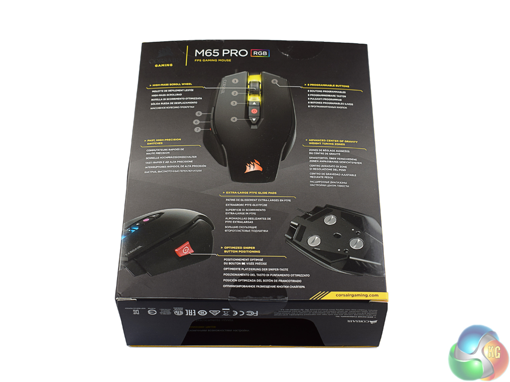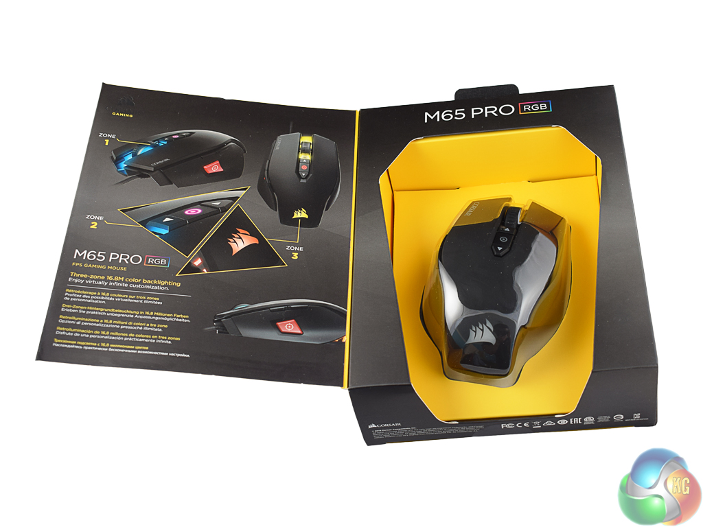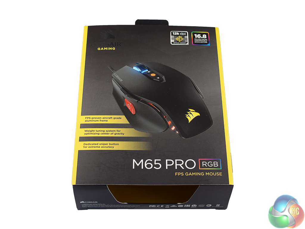 The Corsair M65 Pro ships in an attractive black box, with yellow accents.
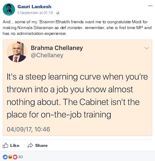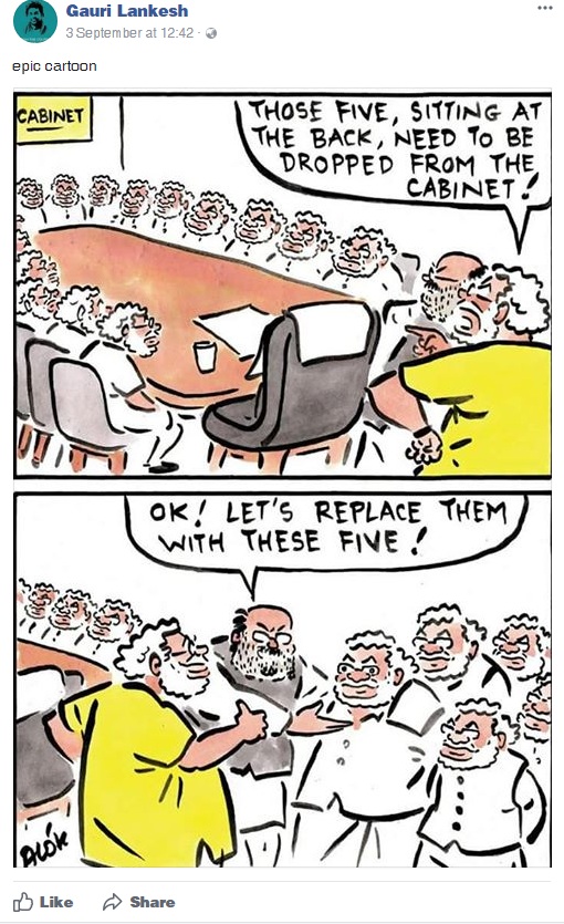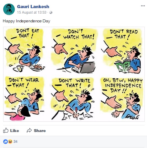 The bold and fearless journalist that Gauri was, she used social media to slam BJP and Modi government voiced her opinions about them. Here are some of the bold statements she’s made on her social media platforms –
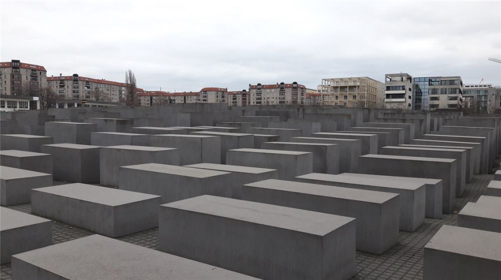 ▲ユダヤ人集団虐殺(Holocaust)を象徴するベルリンのユダヤ人追悼公園。四角形の造形物は犠牲者の柩を象徴するという。
────────────────────
Task
Reproduce the lines from the one with "The bold and" through the end of the data, keeping both end lines, adding nothing, and dropping any pictures.

Output below
 The bold and fearless journalist that Gauri was, she used social media to slam BJP and Modi government voiced her opinions about them. Here are some of the bold statements she’s made on her social media platforms –
 ▲ユダヤ人集団虐殺(Holocaust)を象徴するベルリンのユダヤ人追悼公園。四角形の造形物は犠牲者の柩を象徴するという。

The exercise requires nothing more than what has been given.